No le costó interiorizar sus obligaciones, y la primera semana fue muy suave. Ahora la chica rubia ya no estaba, pero, para compensar, habían llegado dos más, una señora de unos 40 años a la que recordaba haber visto salir del portal el día que había venido a ver el piso. La otra mujer, ya mayor, debía ser su madre, por la manera como le cogía las manos. El presidente, el sábado, bajó mientras estaba dándoles la cena. Se plantó allí en medio y se lo miró todo lentamente, con parsimonia solemne, sin hablar. “Muy bien, chaval, muy bien.” Y se fue. Jaime sintió un gran alivio. Llevaba dos días con la idea de que el suelo tendría que limpiarse pero sin decidirse a hacerlo, y que el presidente no le hubiera dicho nada al respecto le tranquilizó. “Mañana le pasaré la manguera”, pensó primero, pero lo cierto es que aquello estaba fatal, así que lo hizo entonces. Procuró no mojarles demasiado. El suelo estaba levemente inclinado hacia el centro, donde un pequeño colector recogió el agua sucia, oscura ya, mezclada con orín, excrementos y restos de comida.

En su piso las cosas estaban ya algo mejor. Volvió a la facultad, y dedicó las tardes a estudiar y acabar de arreglar las cosas.

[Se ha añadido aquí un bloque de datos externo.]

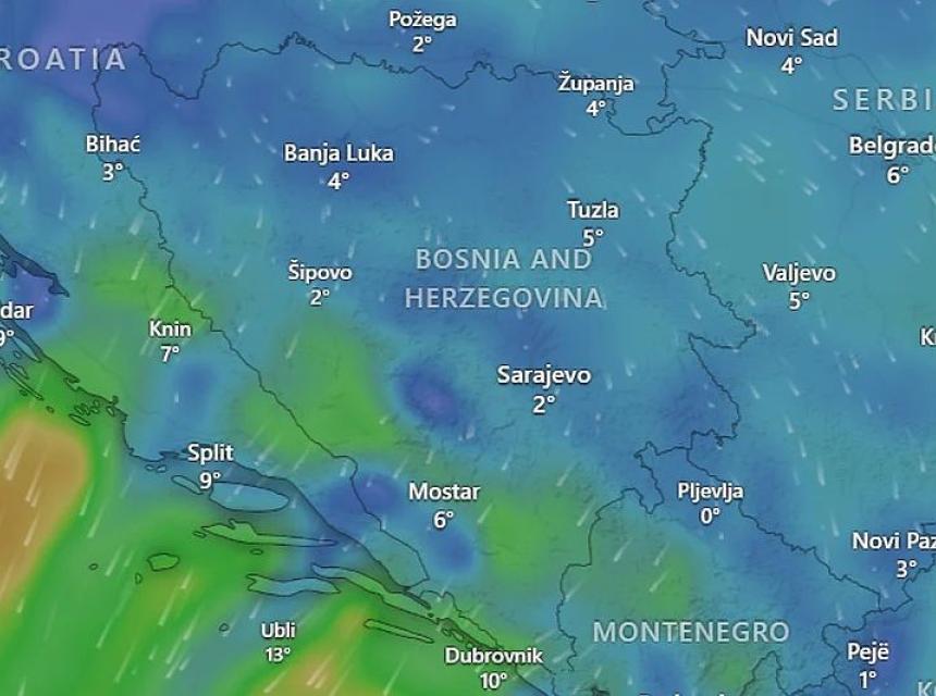 Vjetar u većem dijelu Bosne slab do umjerene jačine sjevernog smjera. U Hercegovini, zapadu i jugozapadu Bosne jak vjetar sjevernog smjera. Temperatura zraka većinom između 2 i 7 stepeni, na jugu zemlje od 7 do 12 stepeni celzija.

De momento podía permitirse esperar un par de meses antes de empezar a buscar algún trabajo.
Mientras, el cuidado del calabozo se convirtió pronto en una rutina más. No era Jaime persona de darle muchas vueltas a las cosas, pero a veces le venían a la cabeza pensamientos extraños. Un día, a la hora de darles la cena, se encontró de nuevo con el presidente, y se decidió a formular una pregunta que llevaba días rondándole por la cabeza. “¿Por qué están aquí todos estos?”. El presidente le miró con una mueca entre despreciativa y burlona: “Mala gente...” Y tras un silencio acompañado de pequeñas negaciones con la cabeza, continuó: “Mala gente..., sí señor.” Aquello tranquilizó a Jaime. Ya lo suponía, pues de otro modo no estarían allí, pero oírselo decir al Presidente con esa convicción era otra cosa. Los exámenes se acercaban y quería pedirle permiso para algo especial. Se atrevió a ello. El Presidente le respondió con una gran sonrisa y dándole un manotazo en la espalda: “Por supuesto, chaval, claro que sí. Eso ni se pregunta...”

Jaime subió a su piso pudiendo apenas contener la alegría. De detrás de las cajas con las cosas de limpieza sacó la bolsa negra y la llevó al comedor. Sobre la mesa, la abrió y extendió los instrumentos sobre un paño negro. Estaban limpios y resplandecientes. El brillo hería los ojos. Luego fue a buscar un palillo y, sentado en una silla, se dedicó metódicamente a limpiarse las uñas. En eso Jaime era muy suyo, la higiene para un médico es esencial. Ya se ensuciarían bastante luego. Repasó el material una vez más y le pareció apreciar en las tenacillas una pequeña mancha parduzca que se apresuró a frotar con un paño de cocina. Guardó de nuevo el material quirúrgico en la bolsa, cogió también una antigua edición del “Gray’s Anatomy” y, alborozado, fue hacía la puerta. Después de todo, tener responsabilidades tenía sus compensaciones.